→ **Directions**
Please write out every line of the listing without alteration, but omit the images.

→ **Raw data**
---

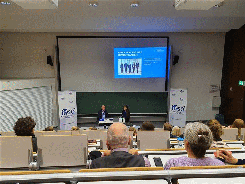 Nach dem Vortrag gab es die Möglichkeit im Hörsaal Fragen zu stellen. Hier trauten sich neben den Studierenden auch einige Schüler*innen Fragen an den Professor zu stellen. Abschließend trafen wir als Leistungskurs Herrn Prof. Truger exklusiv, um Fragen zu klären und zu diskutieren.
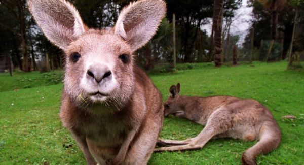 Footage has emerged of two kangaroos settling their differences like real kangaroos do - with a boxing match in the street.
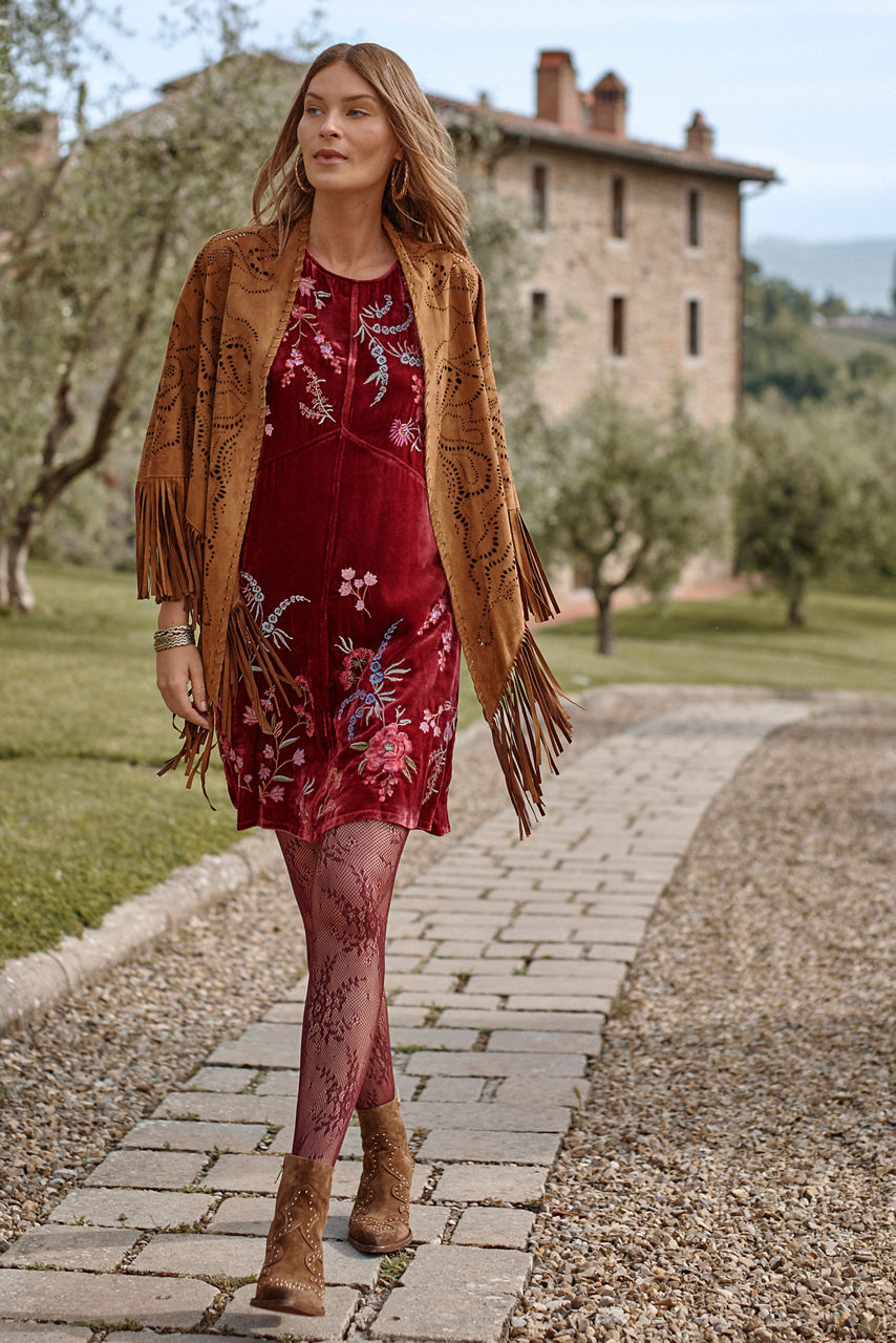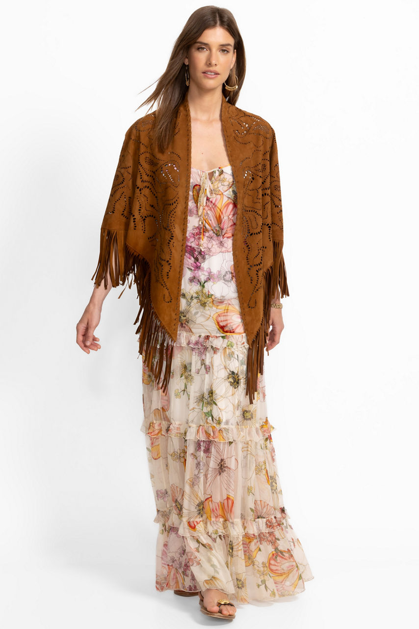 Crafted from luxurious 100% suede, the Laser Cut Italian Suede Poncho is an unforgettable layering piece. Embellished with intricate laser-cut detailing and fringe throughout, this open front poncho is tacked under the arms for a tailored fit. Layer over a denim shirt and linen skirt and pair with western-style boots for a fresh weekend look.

---

→ **Finished exercise**
 Nach dem Vortrag gab es die Möglichkeit im Hörsaal Fragen zu stellen. Hier trauten sich neben den Studierenden auch einige Schüler*innen Fragen an den Professor zu stellen. Abschließend trafen wir als Leistungskurs Herrn Prof. Truger exklusiv, um Fragen zu klären und zu diskutieren.
 Footage has emerged of two kangaroos settling their differences like real kangaroos do - with a boxing match in the street.
 Crafted from luxurious 100% suede, the Laser Cut Italian Suede Poncho is an unforgettable layering piece. Embellished with intricate laser-cut detailing and fringe throughout, this open front poncho is tacked under the arms for a tailored fit. Layer over a denim shirt and linen skirt and pair with western-style boots for a fresh weekend look.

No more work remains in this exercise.